In Examples III-1 to III-6 and Comparative Examples III-1 and III-2, the following pigments were employed.

[Silica sol III-A]

Synthetic amorphous silica particles (trademark: NIPSIL HD-2, made by NIPPON SILICA INDUSTRIAL CO., LTD.) having an average secondary particle size of 3 µm and an average primary particle size of 11 nm were pulverized and dispersed by a sand grinder and then by a pressure type homogenizer, and pulverizing and dispersing procedures with a sand grinder and then with a pressure type homogenizer were repeately applied to the silica particles until the average secondary particle size reached 60 nm. A 7% silica particle dispersion was prepared.

[Silica sol III-B]

Synthetic amorphous silica particles (trademark: NIPSIL LP, made by NIPPON SILICA INDUSTRIAL CO., LTD.) having an average secondary particle size of 3 µm and an average primary particle size of 16 nm were pulverized and dispersed by a sand grinder and then by a pressure type homogenizer, and pulverizing and dispersing procedures with a sand grinder and then with a pressure type homogenizer were repeately applied to the silica particles until the average secondary particle size reached 100 nm. A 9% silica particle dispersion was prepared.

[Silica sol III-C]

Synthetic amorphous silica particles (trademark: NIPSIL E-1011, made by NIPPON SILICA INDUSTRIAL CO., LTD.) having an average secondary particle size of 1.5 µm and an average primary particle size of 24 nm were pulverized and dispersed by a sand grinder and then by a pressure type homogenizer, and pulverizing and dispersing procedures with a sand grinder and then with a pressure type homogenizer were repeately applied to the silica particles until the average secondary particle size reached 150 nm. A 12% silica particle dispersion was prepared.

Example III-1

As a support, a laminated paper sheet prepared by laminating polyethylene layer, at a thickness of 25 µm by an extrusion-lamination method onto a trade coated paper sheet (trademark: OK COAT, made by OJI PAPER CO., LTD.) having a basis weight of 127.9 g/m², was employed. This laminated paper sheet will be referred to as a "laminate sheet" hereinafter.
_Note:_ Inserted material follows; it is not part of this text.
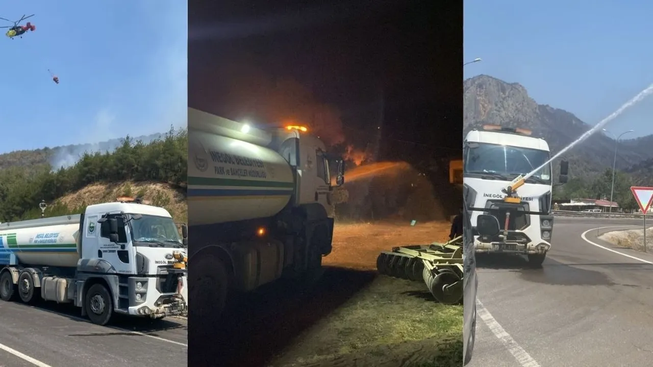 Bursa İnegöl Belediyesi, Bilecik bölgesinde çıkan orman yangınlarına müdahale çalışmalarına destek olmak amacıyla harekete geçti. Yangınların kontrol altına alınması için yürütülen çalışmalara katkı sunmak üzere belediyeye ait su tankeri ile personel bölgeye sevk edildi.BURSA (İGFA) - Bursa İnegöl Belediye Başkanı Alper Taban’ın talimatıyla hızla organize olan İnegöl Belediyesi ekipleri, yangın bölgesine yönlendirilerek yangın söndürme faaliyetlerine katıldı. Belediyeye ait su tankeri, özellikle ulaşılması zor noktalarda Orman Genel Müdürlüğü ekiplerine destek veriyor. Su taşıma ve soğutma faaliyetlerinde görev alan İnegöl Belediyesi ekipleri, koordineli bir şekilde çalışmalara katkı sunuyor.

A 10% aqueous coating liquid comprising a mixture of 100 parts of silica sol III-C with 35 parts of a polyvinyl alcohol (trademark: PVA-135H, made by KURARAY CO., LTD.) having a degree of polymerization of 3500 and a degree of saponification of 99% or more, was coated on the polyethylene-coated surface of the laminate sheet and dried at a temperature of 120°C, to form an underrecording layer having a dry weight of 20 g/m². The resultant underrecording layer had a degree of cracks of 80%.

The underrecording layer was wetted with water in an amount of 20 g/m², and then coated with a 7% aqueous coating liquid prepared from a mixture of 100 parts of silica sol III-A with 30 parts of a PVA (PVA-135H), and dried at a temperature of 50°C to form an upperrecording layer having a degree of cracks of 30% and a pore volume of 0.9 ml/g.

An ink jet recording material of the present invention was obtained.

Example III-2

Silica sol III-A in an amount of 100 parts was mixed with 15 parts of cationic resin consisting of diallyl-dimethyl ammonium chloride-acrylamide copolymer (trademark: PAS-J-81, made by NITTO BOSEKI CO., LTD.). The resultant mixture exhibited an increased viscosity and silica particles were agglomerated. The mixture was pulverized and dispersed by a pressure type homogenizer until the average agglomerated particle size reached 100 nm. Then, the resultant cationic resin-containing silica sol was further mixed with 20 parts of a polyvinyl alcohol (PVA-135H), to provide an 8% aqueous coating liquid.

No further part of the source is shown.